Treehouses bring out the kid in everyone, right? Put another way, they evoke a sense of excitement and adventure. With that in mind, ArtisTree have added just such a dwelling to their eco-luxury retreat in Cypress Valley, just outside of Austin, Texas. The Yoki House is another of the sustainable minimalist buildings we love. It’s described as a “fully equipped private sanctuary” that’s ideal for rental by couples and families, artists and adventure seekers, as well as those looking to trade the city bustle for some peace, quiet and thought-collection time.

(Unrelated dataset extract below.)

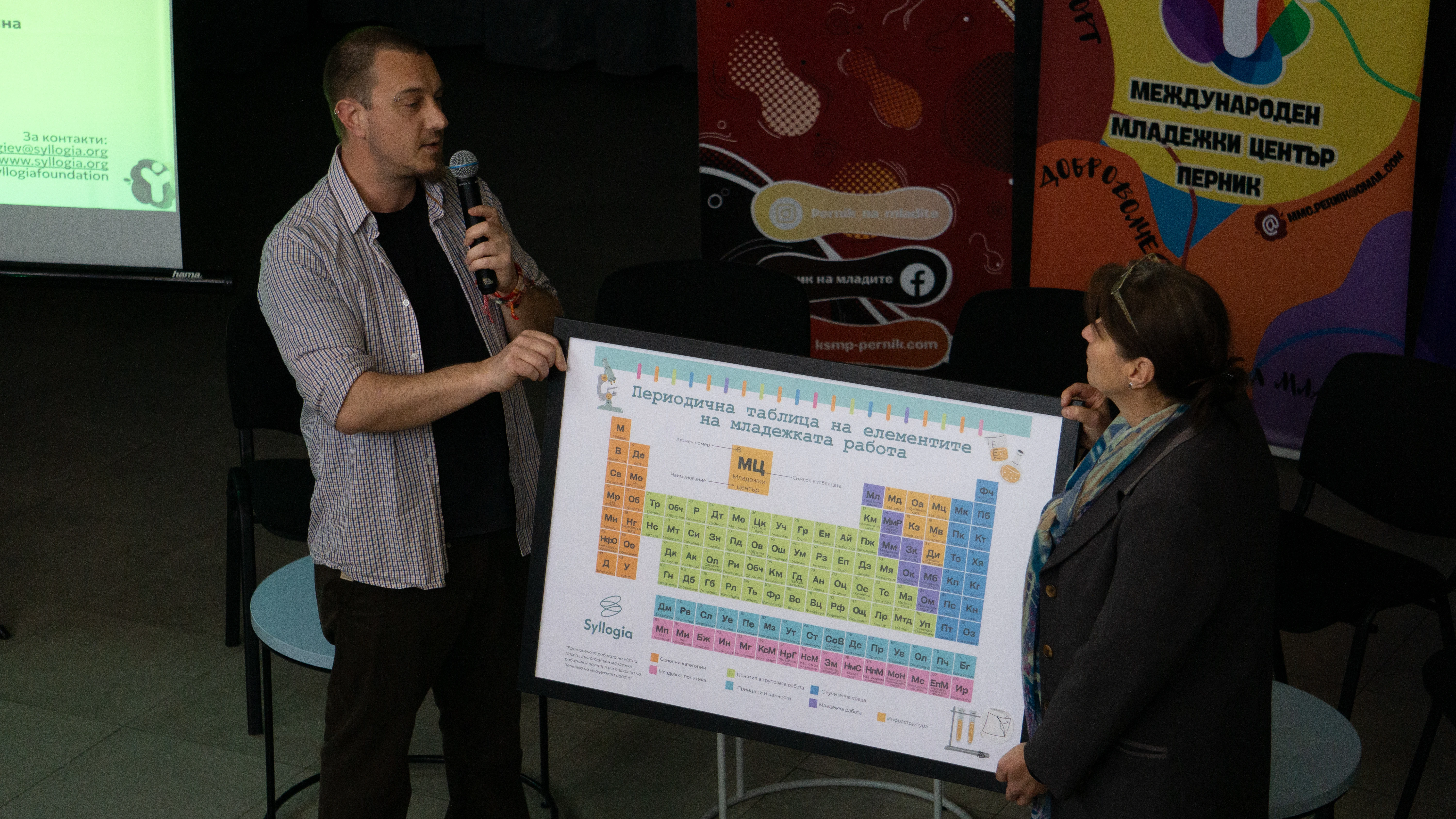 По тези поводи екипът на фондация Силогия подари на екипа на Международния младежки център Перник своята авторска „Периодична таблица на елементите на младежката работа“, като пожела на колегите постоянство и енергия в поддържане на усилията по разпознаване на целия сектор на местно и национално ниво.

Snugly situated between two old-growth cypress trees, the 46.4 m2 treehouse is perched 7.5 m above a spring-fed creek that inspired the name, according to ArtisTree founder Will Beilharz. In fact, “yoki” is a Hopi Native American word for rain, and indeed, water is a main theme of the Yoki House, echoed in certain design elements, such as the soaking tub and the burbling brook twenty-five feet below.

The entirety comprises the treehouse and a separate bathhouse, connected by an eighteen-metre suspension bridge. The entrance to the main treehouse comes via a second story observation deck. From there, a spiral staircase leads down to a porch that’s ideal for sipping morning coffee or evening aperitif, reading a book or simply contemplating nature and our place in it. The bathhouse sits on the edge of a ravine and boasts floor-to-ceiling windows for birdwatching and stargazing from the luxurious comforts of the Onsen-style soaking tub.

As a whole, the Yoki House is a cozy, luxurious combination of Japanese minimalism and Turkish décor accents. Inside, seeing the large bedroom, secondary sleeping loft and living room with dining area and kitchenette, you’ll realize the treehouse doubles as a luxury hotel suite.

The minimalist design uses local, sustainable materials, including elm, spruce and cypress. Large windows allow for plenty of light, a mingling of interior and exterior and a feeling of immersion with the surrounding nature. A solar panel array and rainwater capture system allow for minimal use of grid-based energy. What adventurous soul doesn’t enjoy sleeping in the trees?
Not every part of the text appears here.